Begin with the first line below and retype each line exactly through the line containing "圖 1 為 6 個不同品種蘆筍樣品的主成分". Any pictures are to be left out.

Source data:
_ _ _ _ _
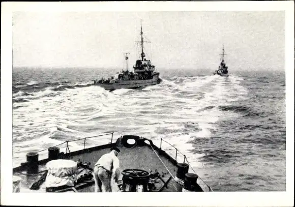 Ak Minensuchboote gehen in See, Kriegsschiffe
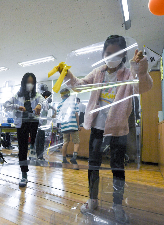 전국 모든 학교에서 정상 등교가 이뤄진 2일 서울 광진구 광장초등학교 학생들이 자리에 설치돼 있던 가림판을 제거하고 있다.
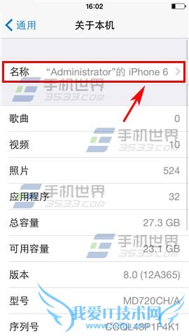 1)进入iPhone6Plus的【设置】,点击【通用】选项,然后选择【关于本机】
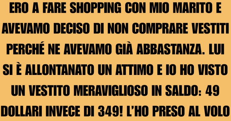 Ero a fare shopping con mio marito, e avevamo deciso di non comprare nessun vestito, perché ne avevamo già abbastanza. Lui si è girato un attimo e io ho visto un abito meraviglioso in saldo: 49 dollari invece di 349! L’ho afferrato al volo e ho detto all’assistente del negozio: “Per favore, non dica il prezzo ad alta voce!”. Ma non appena ha visto mio marito, ha praticamente gridato: “Che affare! 49 dollari invece di 349… incredibile, vero?!”.
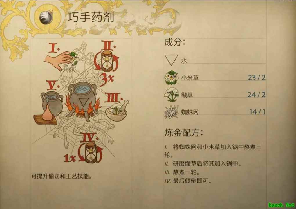 在天国拯救2中炼金是非常重要的玩法,玩家们在游玩中可以采集草药并在炼金台根据配方进行药剂的炼制,药剂不同的效果可以为玩家在不同的场景提供帮助。很多玩家想知道提高工艺技能的巧手药剂的配方,下面为大家带来介绍。 成分: 水、2个小米草、2个缬草、1个蜘蛛网。 配方: 1、加入蜘蛛网和小米草,熬煮3轮。 2、研磨缬草,加入锅中再熬煮一轮。 3、最后进行倾倒,完成制作。
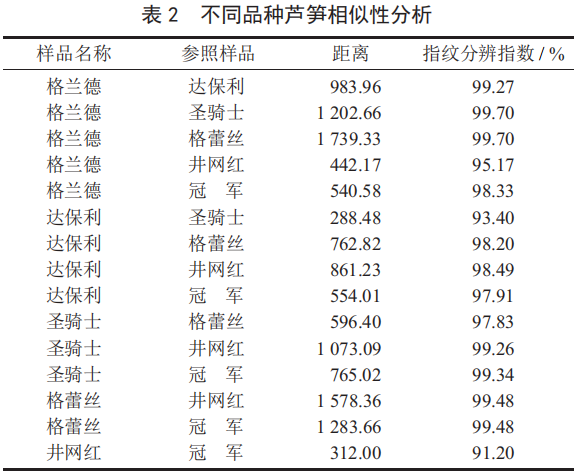 圖 1 為 6 個不同品種蘆筍樣品的主成分 PCA 分析圖,第 1 主成分和第 2 主成分的總貢獻(xiàn)率達(dá)到了98.1%,足以收集特征信息。在圖 1 中,不同品種蘆筍分別聚類在 PCA 圖中的不同區(qū)域,相互之間能夠較好地區(qū)分。
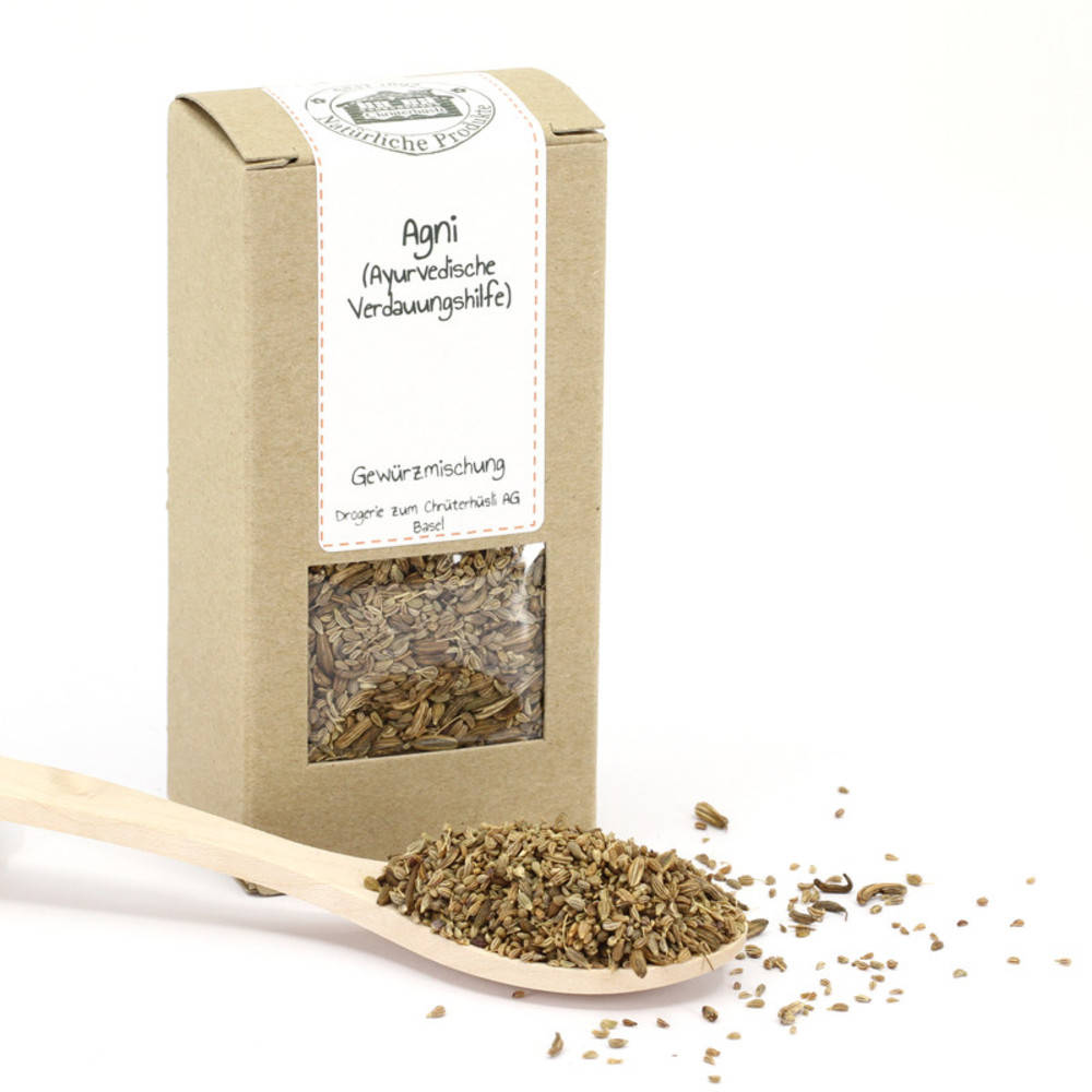 Agni - das individuelle Verdauungsfeuer. Agni spielt im gesamten Veda eine wichtige Rolle. Mit dem Wort Agni beginnt der Veda, es ist der Intelligenzimpuls des Bewusstseins. Aus diesem Impuls geht die ganze Schöpfung hervor: "Und Gott sprach: Es werde Licht und es ward Licht!" Aus dieser ersten feinen Schwingung heraus erschafft und erneuert unsere innere Intelligenz täglich unseren Körper. Das kosmische Feuer wird zum Verdauungsfeuer, das überall in unserem Geist-Körper-System wirkt. Agni steuert nicht nur die Verdauungstätigkeit innerhalb des Magen-Darm-Trakts, sondern reguliert gleichzeitig den gesamten Stoffwechsel bis hin zur Transformation unserer Nahrungsbestandteile. Ein Mensch mit einer guten Assimilations- und Stoffwechselleistung kann Nahrung gut verwerten und Eindringliche von aussen wirkungsvoll bekämpfen, er ist kräftig, gesund und energievoll und bleibt vital bis ins hohe Alter. Der sorgsame Umgang mit Agni gehört zu den wichtigsten Regeln der ayurvedischen Heilkunst. Unterstützt werden kann die Stärkung von Agni durch verdauungsfördernde und stoffwechselanregende Gewürze, wie sie in dieser ausgewogenen Gewürzmischung sinnvoll zusammengestellt sind. Die bewährte ayurvedische Rezeptur (Verdauungshilfe), soll vor dem Gebrauch bzw. Einsetzen, mit dem Mörser leicht zerrieben werden.
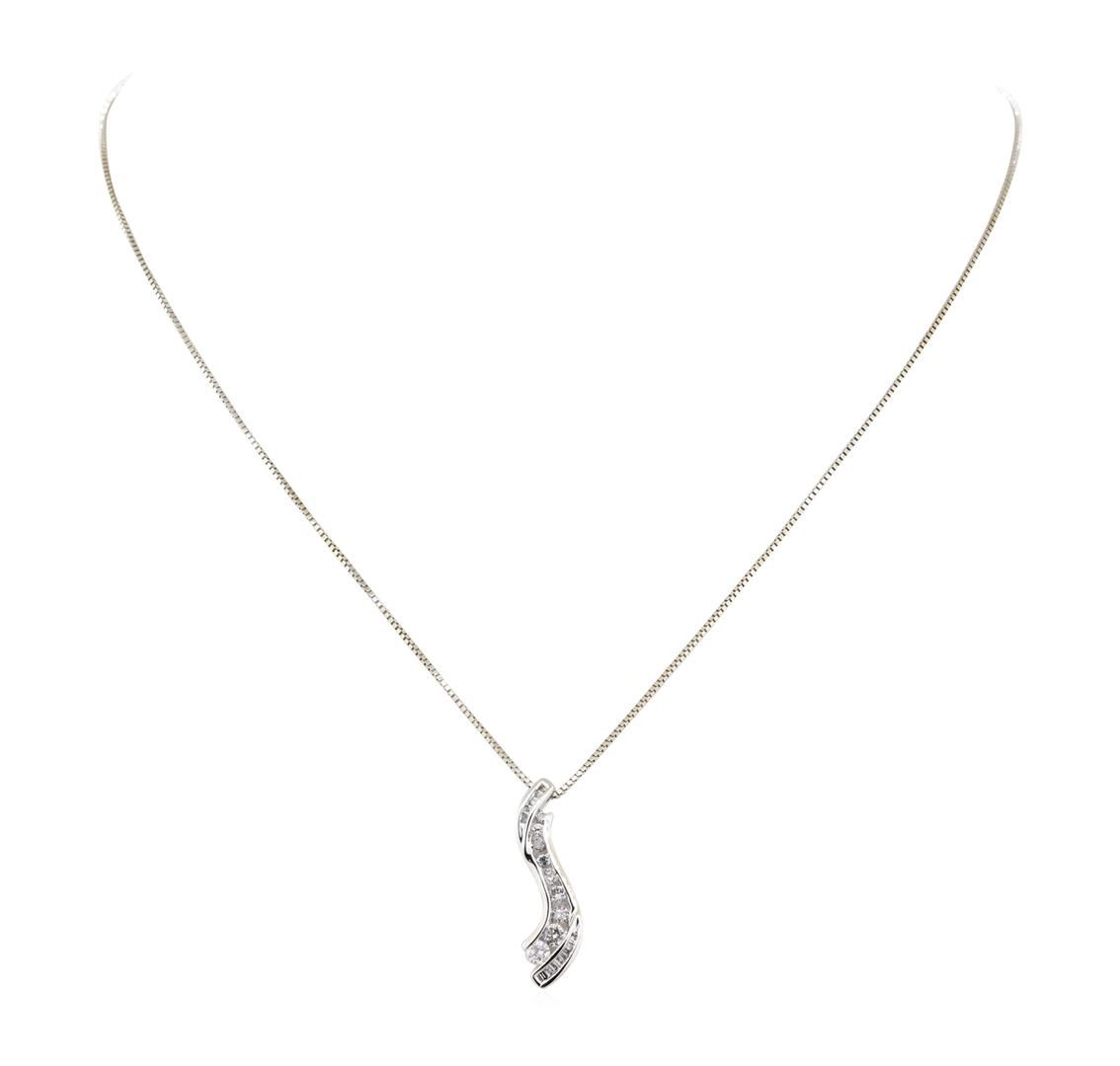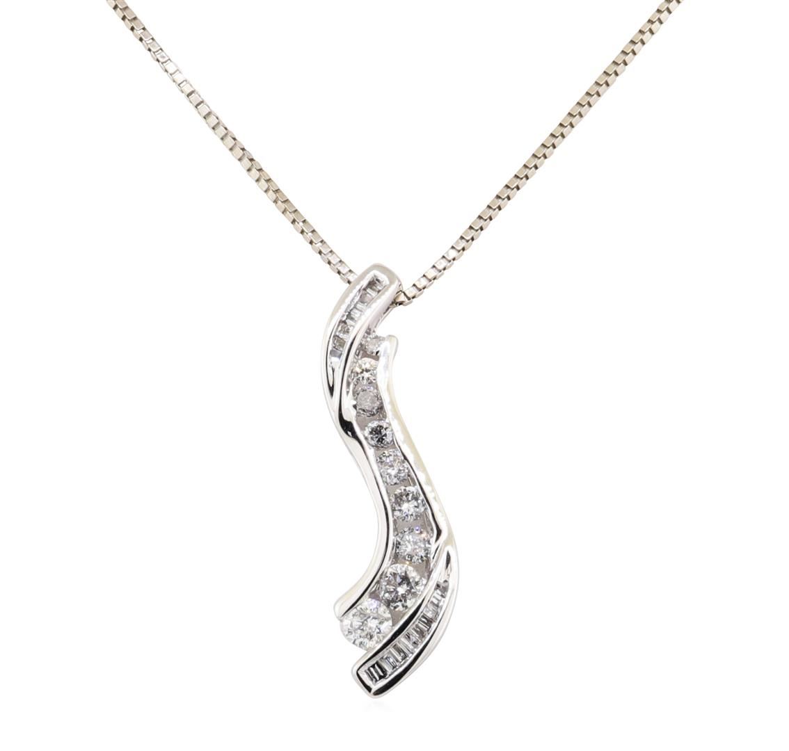 One diamond journey of life pendant with an attached 16 inch, 1 mm box link chain featuring: 10KT white gold weighing 3.2 grams containing diamonds weighing 0.50ctw.
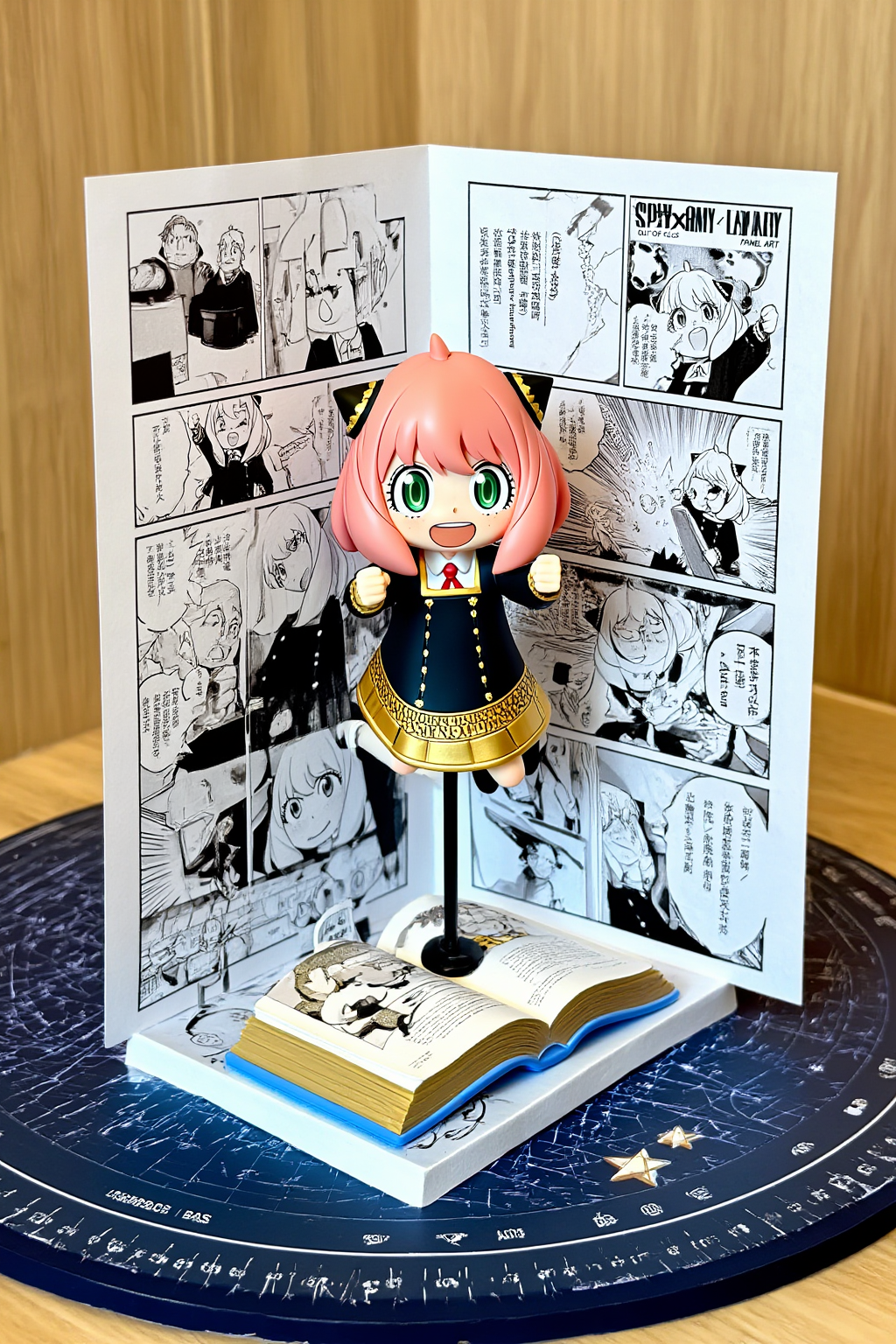 manga <Anya Forger> [ OUT OF FOCUS LIBRARY BACKGROUND ] [ VERTICAL MANGA PANEL ART ] [ (School Scene from Spy x Family) ] | [ 3D Anya Forger JUMPING OUTWARD ] [ (Happy Pose, Dynamic Action) ] | [ OPEN BOOK / STAR STICKER / CLASSROOM BASE ] [ (Infer based on Spy x Family) ] [ TABLE SURFACE ] INSTRUCTION: Render as a high-end Pop-Up Book aesthetic. The Background is flat paper. The Character is full 3D plastic/resin. Lighting: Toy Photography style (Softbox, vibrant colors).Negative Prompt
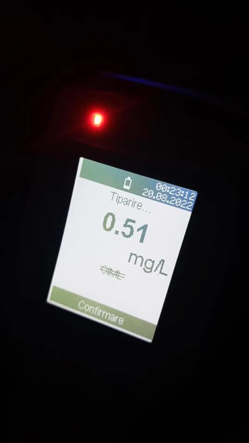 Rezultatul în urma testării etilotest a fost 0,51 mg/l alcool pur în aerul expirat și i-au fost prelevate probe biologice.
_ _ _ _ _
→ Problem solution
 Ak Minensuchboote gehen in See, Kriegsschiffe
 전국 모든 학교에서 정상 등교가 이뤄진 2일 서울 광진구 광장초등학교 학생들이 자리에 설치돼 있던 가림판을 제거하고 있다.
 1)进入iPhone6Plus的【设置】,点击【通用】选项,然后选择【关于本机】
 Ero a fare shopping con mio marito, e avevamo deciso di non comprare nessun vestito, perché ne avevamo già abbastanza. Lui si è girato un attimo e io ho visto un abito meraviglioso in saldo: 49 dollari invece di 349! L’ho afferrato al volo e ho detto all’assistente del negozio: “Per favore, non dica il prezzo ad alta voce!”. Ma non appena ha visto mio marito, ha praticamente gridato: “Che affare! 49 dollari invece di 349… incredibile, vero?!”.
 在天国拯救2中炼金是非常重要的玩法,玩家们在游玩中可以采集草药并在炼金台根据配方进行药剂的炼制,药剂不同的效果可以为玩家在不同的场景提供帮助。很多玩家想知道提高工艺技能的巧手药剂的配方,下面为大家带来介绍。 成分: 水、2个小米草、2个缬草、1个蜘蛛网。 配方: 1、加入蜘蛛网和小米草,熬煮3轮。 2、研磨缬草,加入锅中再熬煮一轮。 3、最后进行倾倒,完成制作。
 圖 1 為 6 個不同品種蘆筍樣品的主成分 PCA 分析圖,第 1 主成分和第 2 主成分的總貢獻(xiàn)率達(dá)到了98.1%,足以收集特征信息。在圖 1 中,不同品種蘆筍分別聚類在 PCA 圖中的不同區(qū)域,相互之間能夠較好地區(qū)分。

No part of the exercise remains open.